Matched ground-truth points percentage (m%): The aim of this criterion was to check how many treetops were correctly detected. The mean fir tree crown radius from the study site orthomosaic was 2 m, but we used different margins of error (e.g., 1, 1.5, 2 m) for thorough validation. For the rest of the paper, we also refer to this margin of error as “ε”. The points within the considered radius value threshold of a ground-truth point were considered to be “matched”.
Repeated ground-truth points percentage: In this step, we also computed the percentage of ground-truth points that were matched more than once. This criterion indicated the source of the prediction overestimation more thoroughly. A high number indicated a difficulty to separate individual treetops, and a low number indicated erroneous points being detected in the outer parts of the tree canopies.
Counting measure (cnt): This represents the difference between the number of trees present in the CHM “n” and the number of treetops detected “k” cnt = (n − k). Consequently, negative values indicate that the algorithm overestimated the number of trees, while positive values indicate underestimation.

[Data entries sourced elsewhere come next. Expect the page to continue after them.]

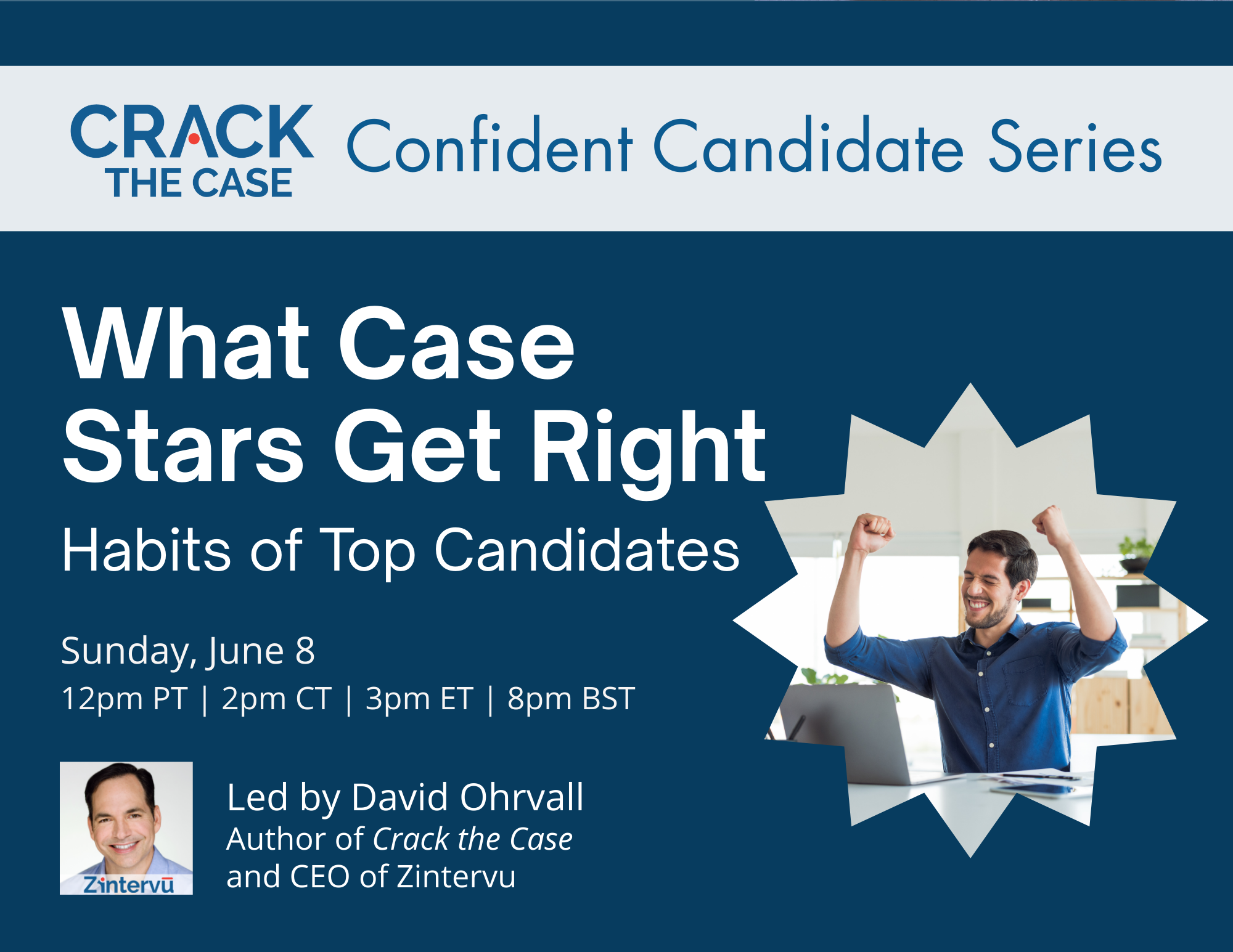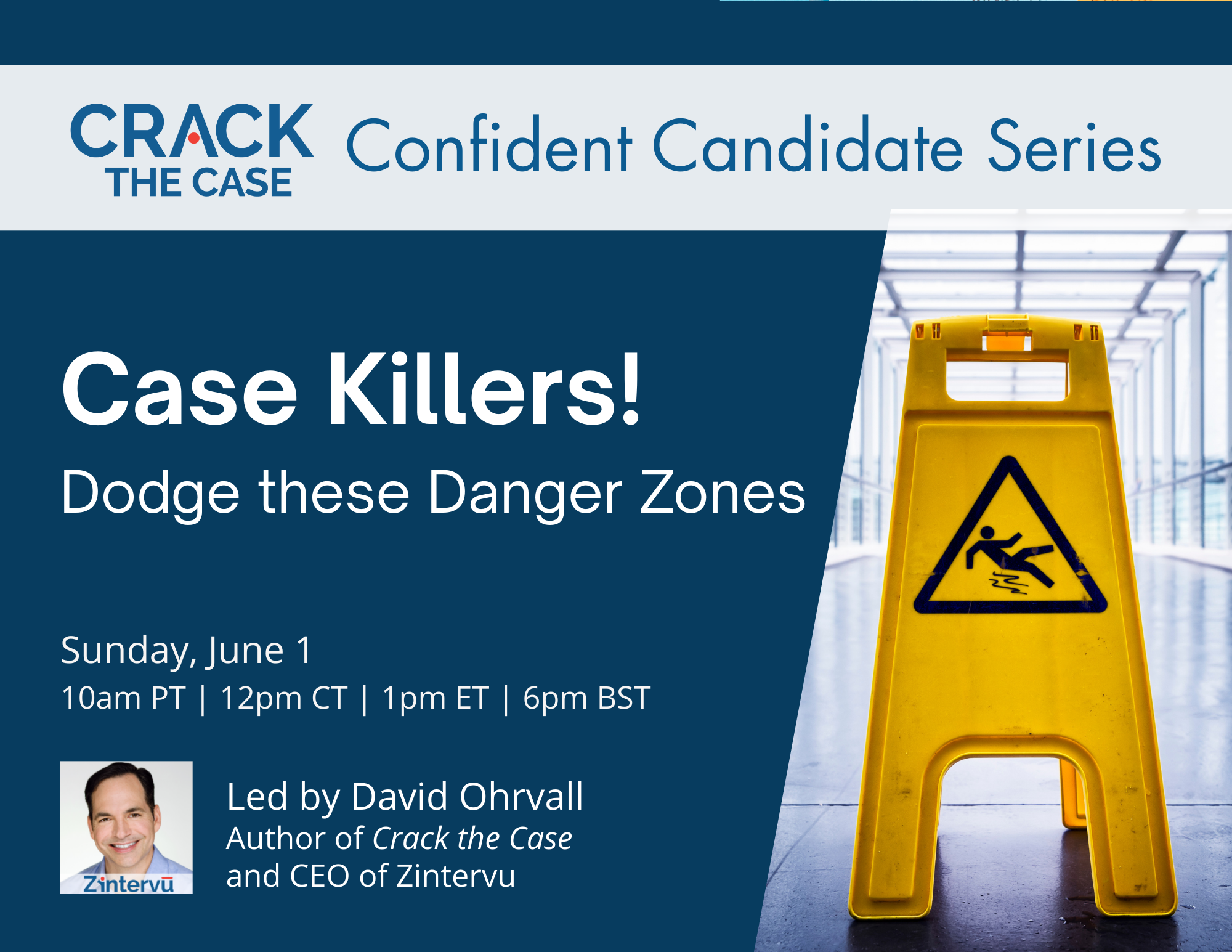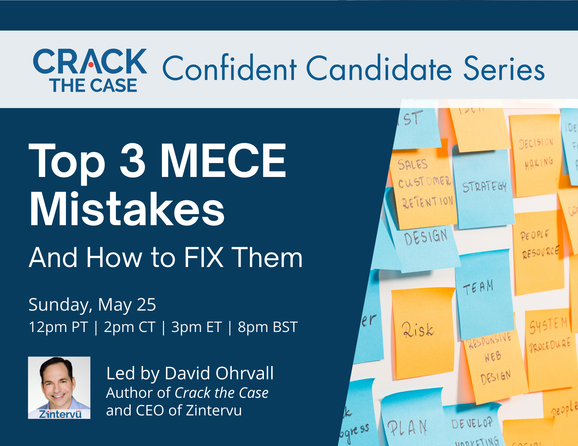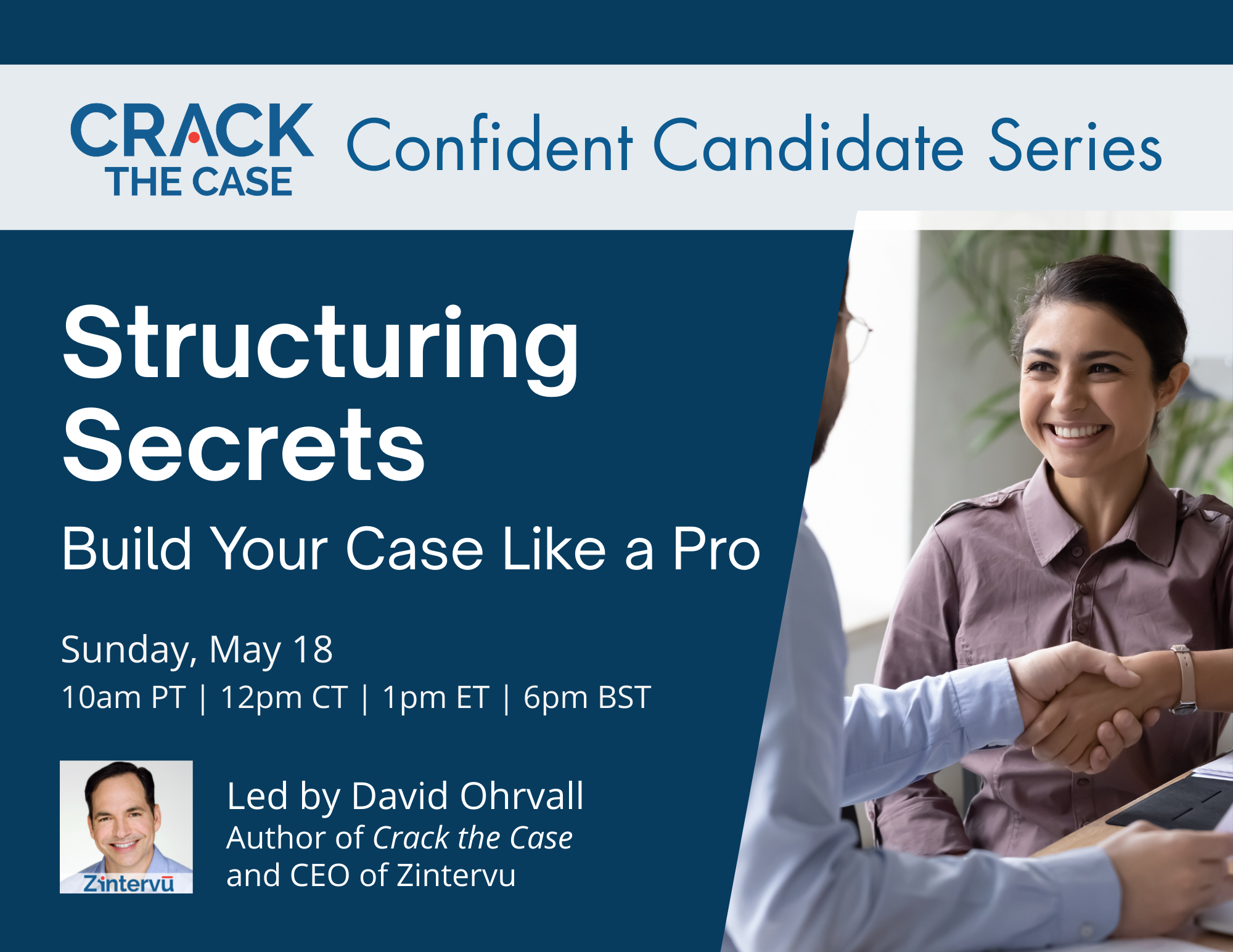 David is the CEO of Zintervu and the author of Crack the Case and Interview Logic. A dynamic and engaging speaker, David has trained tens of thousands of students at top business schools worldwide. David’s insider knowledge (as an ex-Bain & Company manager) and deep experience as an interview coach combine to bring you an outstanding learning experience that will enhance your problem-solving skills, logical communication, and personal presentation. Don’t miss this opportunity to take your case interviews to the next level!
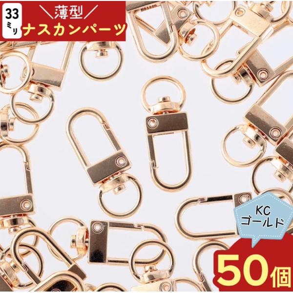 ナスカン ゴールド 50個 33mm 薄型 フック 回転カン付き キーホルダー 金具 ハンドメイド アクセサリー パーツ AP2142
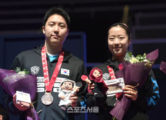 [포토] 혼합복식 신유빈-임종훈 ‘동메달 목에 걸고’

Even though it would be possible to define a matched predicted point as a true positive prediction and an unmatched one as a false positive, and to use these labels to use well-established metrics such as sensitivity, specificity, and F-score [
27], this definition would not take into account multiple matchings from predicted points to ground-truth points, or vice versa. Taking into account that tree counting is an important problem in our application scenarios, we decided to use the aforementioned measures (three criteria) to target broader possibilities of treetop counting.
4. Discussion
UAV image collection presented a remarkable flexibility in adapting to the environmental and topographical characteristics of the forest site that was the focus of our investigation. Most of the UAV missions in the reviewed literature have focused on surveying the terrain, rather than on the vegetation cover, and to the best of our knowledge none has focused on the effect of the terrain on the forest characteristics obtained from orthomosaics. When the terrain is the main objective of a UAV mission, the optical axis of the camera is typically set oblique to the ground [
15]. However, since our focus was on the treetops distributed on a slope, we set the optical axis of the camera vertical (−90) to the ground since, regardless of the slope angle, trees along the slopes had a vertical direction towards the camera. The results of using the Mavic 2 Pro—one of the most affordable and versatile UAVs on the market—together with DroneDeploy software, allowed flights that followed the terrain with high precision, unlike the results found in [
28], where it was found that TAF flights were prone to creating blank spots in the orthomosaic. Thus, the M2P flew smoothly along the slope, keeping a stable height and GSD, and spikes of altitude changes during flight were not observed, in contrast to the findings of [
15].
From the point of view of forestry, the increase in the number of points in the DPC with TAF flights provides a more accurate depiction of individual tree structures. The sharp increase in the number of points captured in the tree canopy should be taken with care, because there is more duplicate information generated when processing the data. Nevertheless, the higher density of the DPC is important not only for treetop detection, but also for accurate detection of tree canopy characteristics that can be used for the precise evaluation of, for example, forest health [
7,
9], forest fire disturbance [
29], or the estimation of dendrometric parameters [
30]. This is especially relevant for fir forests in the Zao Mountains in Japan because, as shown in [
22], the rate of single fir tree defoliation can be used as a proxy, and the results of using the TAF will contribute to a higher precision of tree canopy evaluation of the forest stand along the slope.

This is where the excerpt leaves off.